Utility Modules

We also included a few functionalities that are often used for copula-based trading strategies in the copula_approach module listed below:

  1. Empirical cumulative distribution function (ECDF) with linear interpolation.

  2. Quick pairs selection using Kendall’s \(\tau\), Spearman’s \(\rho\) and Euclidean distance (for normalized prices).

ECDF

ECDF by its name, is a non-parametric estimation on a random variables cumulative distribution function. CDF maps a datapoint to its quantile in \([0, 1]\). If a CDF is chosen correctly, the data after mapping should be distributed uniformly in \([0, 1]\).

In literatures the ECDF is generally constructed from a dataset \(\mathbf{x} = (x_1, x_2, \dots x_n)\) as

\[\hat{F^{-1}}(t) := \frac{1}{n} ||\{ x_i: x_i \le t \}||, \quad t \in \mathbb{R},\]

where \(|| \cdot ||\) is the cardinality, or the number of elements in the set for a finite set.

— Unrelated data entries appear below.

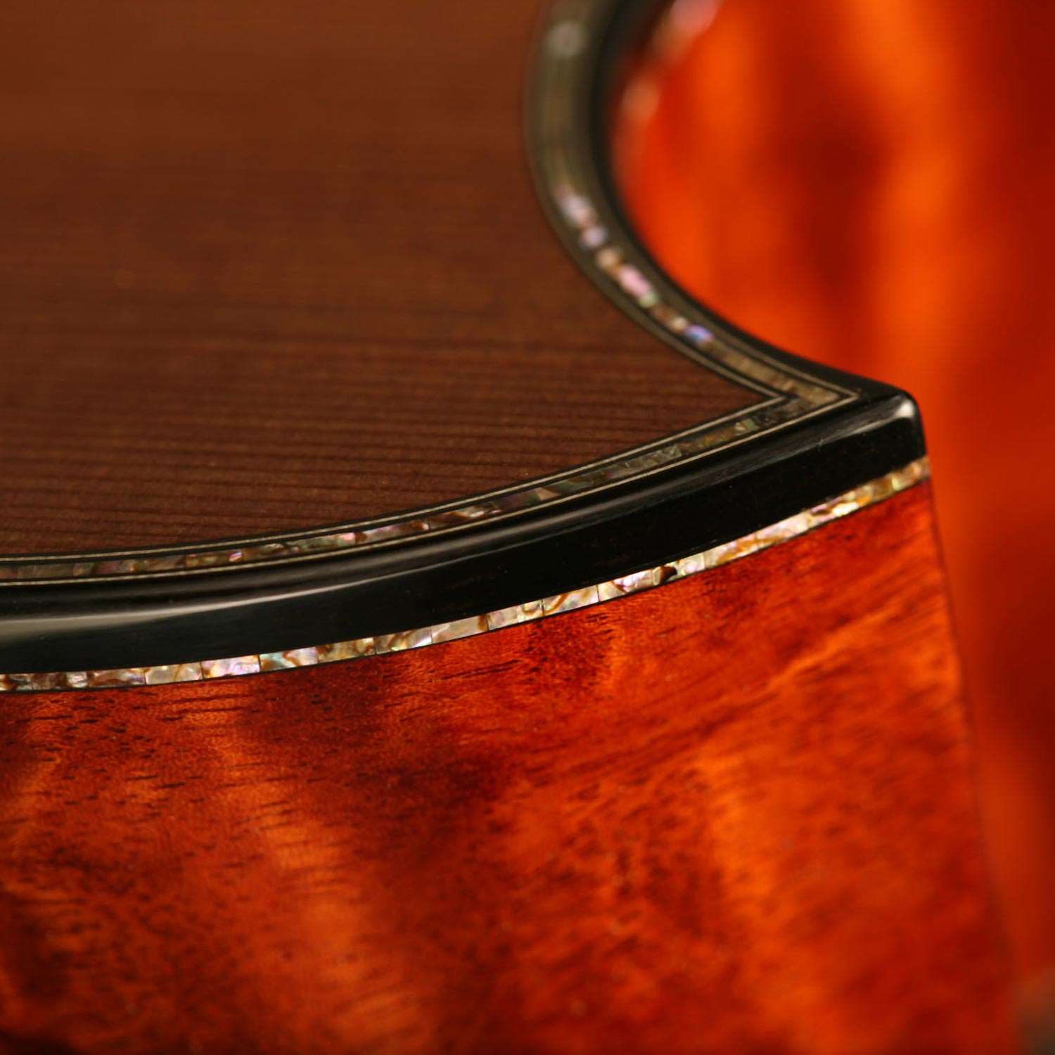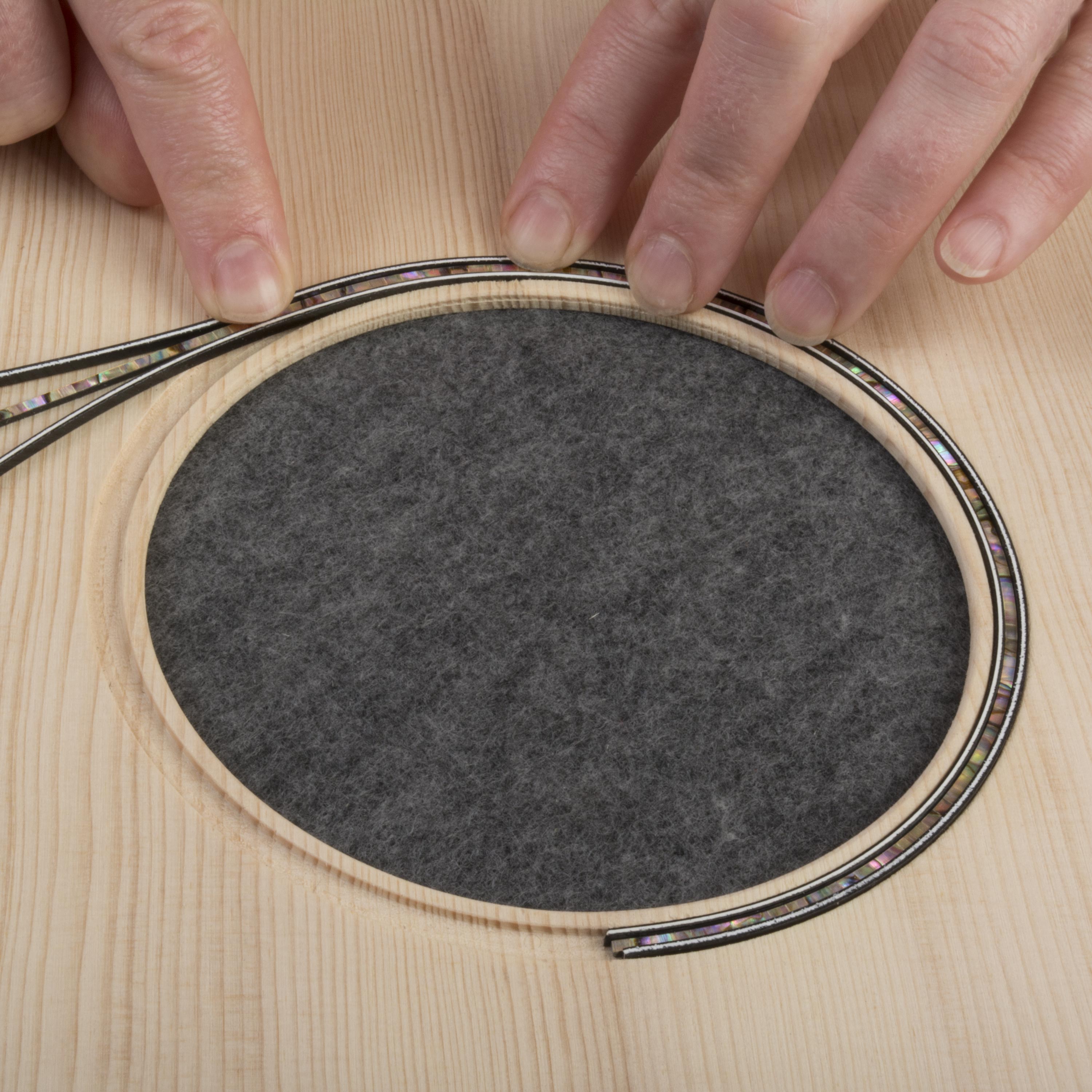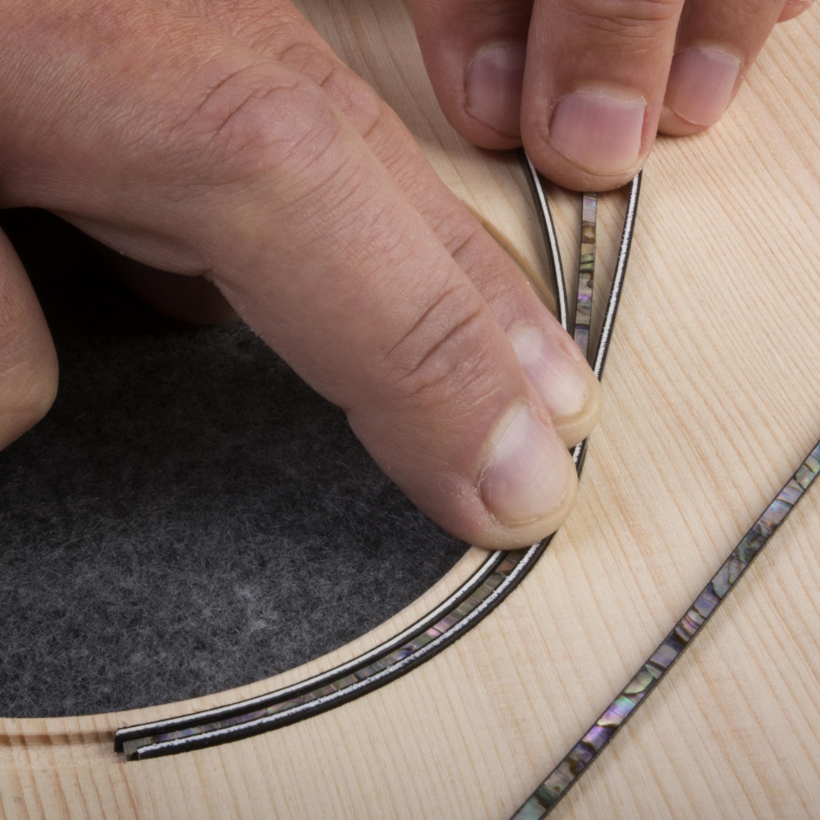 ZipFlex est une coque d' abalone verte sélectionnée sur une base flexible qui se plie à n'importe quelle courbe. Placez-le entre les bindings extérieures en bois et collez-les en une seule pièce. Zip !—vous avez posé le trou de son !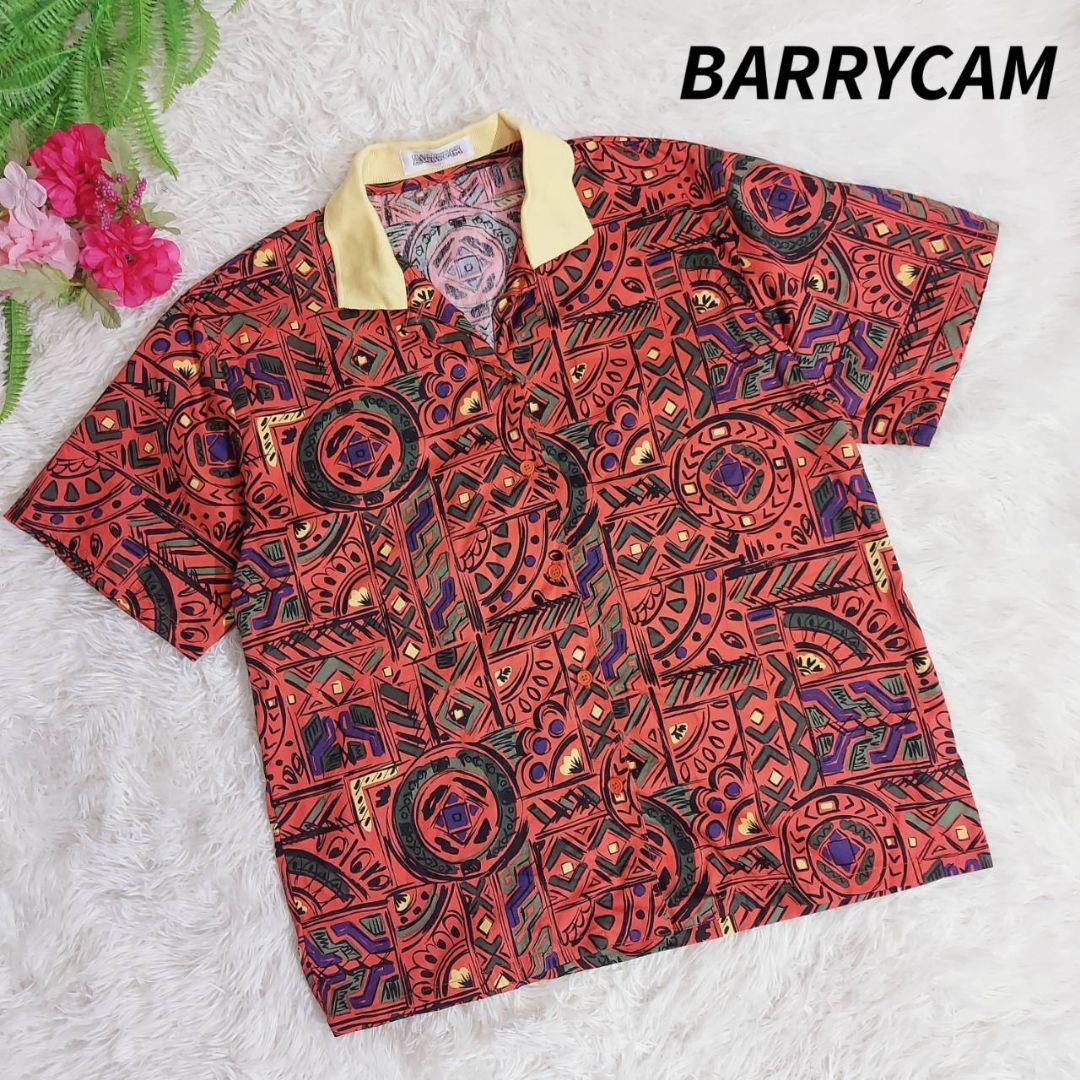 > レトロ古着 BARRYCAM バティック・エスニック総柄・半袖シャツ ゆったりデザイン 表記サイズ11号 実質XL トマトっぽい赤 日本製67887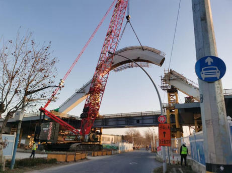 該項目是國家172項重大水利工程的重要組成部分,位於上海市寶山區,全長約1.33千米。主要施工內容包括拆除重建羅寧路橋、長虹路橋,同步新建地麵道路等附屬配套工程。 項目橋樑設計獨具匠心,雙跨系桿拱橋以巨浪狀橫跨新川沙路及新川沙河。其中,主橋羅寧路橋採用鋼箱樑全預制多節段散拼工藝,橫跨新川沙河與主幹道;另一主橋長虹路橋則以123米簡支鋼桁梁一跨過河,與羅寧路橋相互呼應。 美觀的橋樑設計背後隱藏著巨大的技術挑戰。羅寧路主橋採用非對稱連續斜拉系桿拱橋設計,在非對稱大跨徑鋼結構施工中,項目建設團隊憑藉創新思維,成功突破多重瓶頸。 針對鋼結構加工製作與安裝工藝難題,團隊通過優化設計,把構件最大寬度精準控制在7.4米,同時採用“隔一跳一、多點自平衡”拼裝工藝,配合自主設計的拱肋支架體系,完成了64吊大構件的高精度組拼,誤差控制在毫米級。
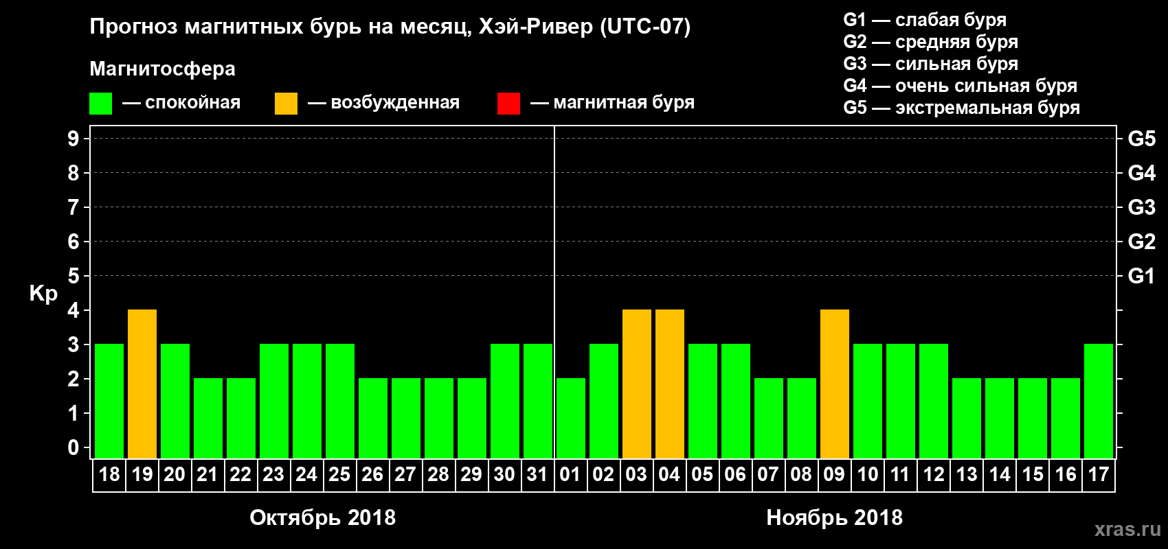 Прогноз магнитных бурь в Хэй-Ривере — 18 октября 2018 года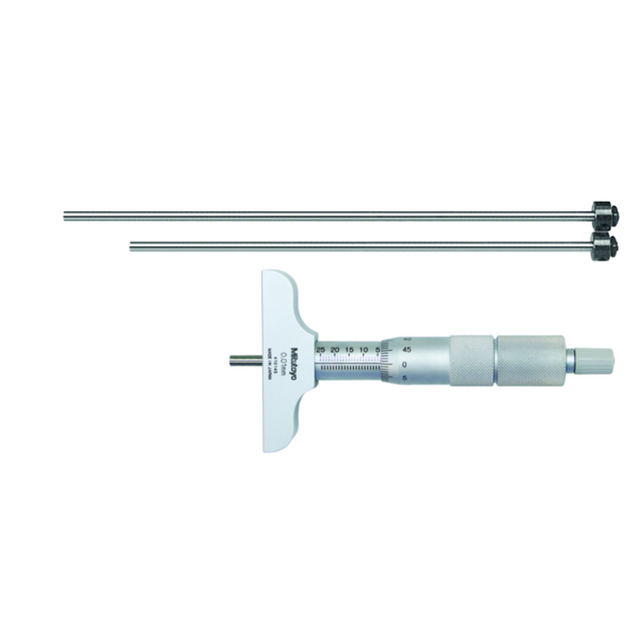 Micrómetro para profundidad Mitutoyo usando varillas de medición intercambiables para cubrir un amplio intervalo de medición. La base de 60 mm está hecha de acero para herramientas, Endurecido y rectificado con una superficie de referencia micro-lapeada.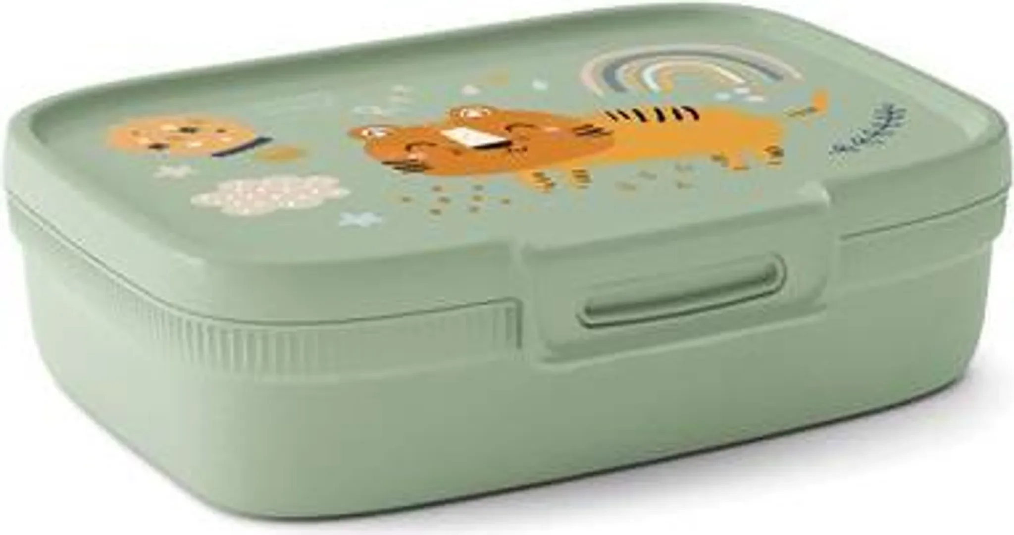 Der transparente Deckel mit stabilem Clipverschluss lässt sich leicht öffnen und schließen und schützt den Inhalt zuverlässig vor äußeren Einflüssen. Das kindgerechte Tiermotiv auf dem Deckel sorgt für einen fröhlichen Akzent und macht die Box besonders beliebt bei Kindern.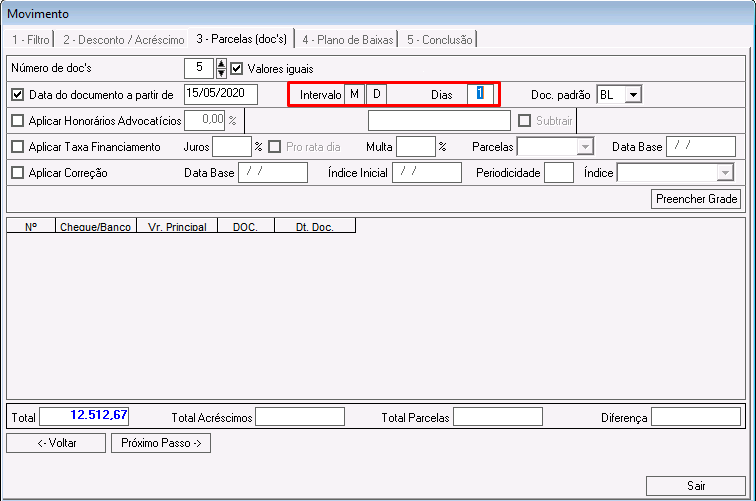 Marcando a opção D(dia), as parcelas serão geradas no intervalo de dias preenchido no campo Dias, considerando como data inicial, a data preenchida no campo Data do documento a partir de.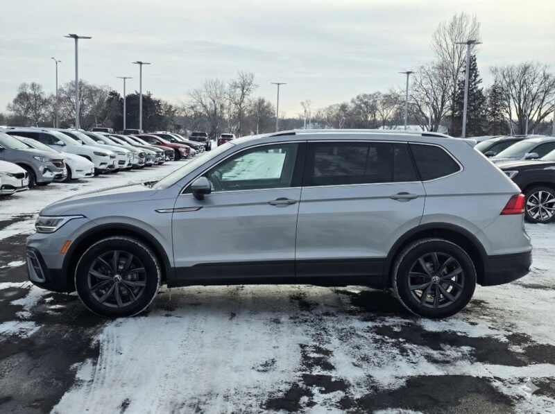 Description: Tiguan 2.0T SE 2.0L TSI DOHC Pyrite Silver Metallic ****The 2022 Volkswagen Tiguan 2.0T SE blends crisp, German-tuned agility with everyday versatilityits 184-hp turbo four and smooth 8-speed deliver eager punch, while available 4MOTION all-wheel drive adds confident year-round grip. Freshened styling, LED lighting, and 18-inch alloys set the tone ...Features:- - Panoramic Sunroof Package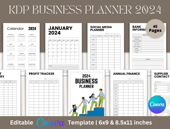 Canva Online Business Planner 45 Templates for Journal, Canva KDP Planner editable interiors Bundle COMMERCIAL Use as print PDF or upload
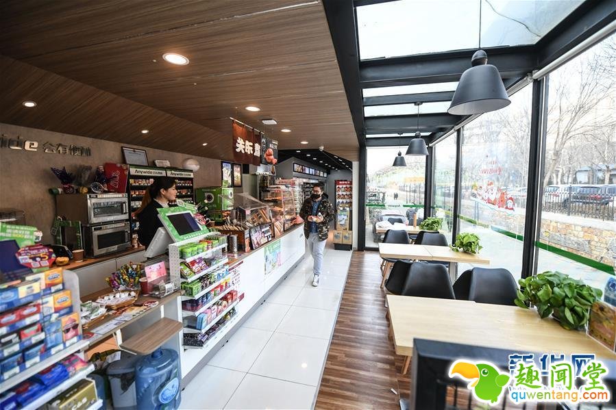 12月22日,一名顾客选购商品后走出火车主题便利店。辽宁省大连市将淘汰的绿皮火车进行改造,打造集文创、商业为一体的青年创业创意社区,建成占地2万平方米的双创火车小镇,共有20节绿皮火车车厢。目前有社区便利店、创意花坊、连锁简餐等创业项目入驻创意小镇。新华社记者 潘昱龙 摄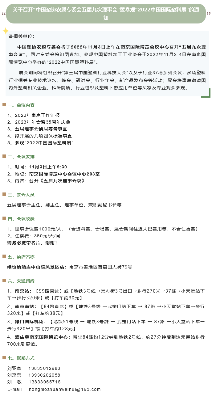 会议 | 关于召开“中国塑协农膜专委会五届九次理事会”暨参观“2022中国国际塑料展”的通知

This is implemented already in ECDF() from statsmodels.distributions.empirical_distribution.

Comments

Note that the approach above is a step function. Suppose we train an ECDF on some training data, for example \(\mathbf{x}_{train} = (0, 1, 3, 2, 4)\), then \(\hat{F^{-1}}(0) = \hat{F^{-1}}(0.99) = 0.2\), and \(\hat{F^{-1}}(-0.01) = 0\). This might cause issues if the data set is not large enough, and particularly troublesome where there is not enough datapoints at certain regions of the distribution. When working with copula-based strategies one essentially aims to capture relative mispricings, which is sparse in nature. Moreover, the original ECDF may yield 0 and/or 1, which will be considered edge cases for some copula calculations and we generally want to avoid it by mapping \([0, 1]\) back to \([\varepsilon, 1-\varepsilon]\) for some small positive number \(\varepsilon\).

Note

No, we are not being lazy here. Yes, we can technically adjust the calculations to allow infinities, but what if the infinity shows up when one uses a max likelihood fit? With real world data this happens more often than one might expect.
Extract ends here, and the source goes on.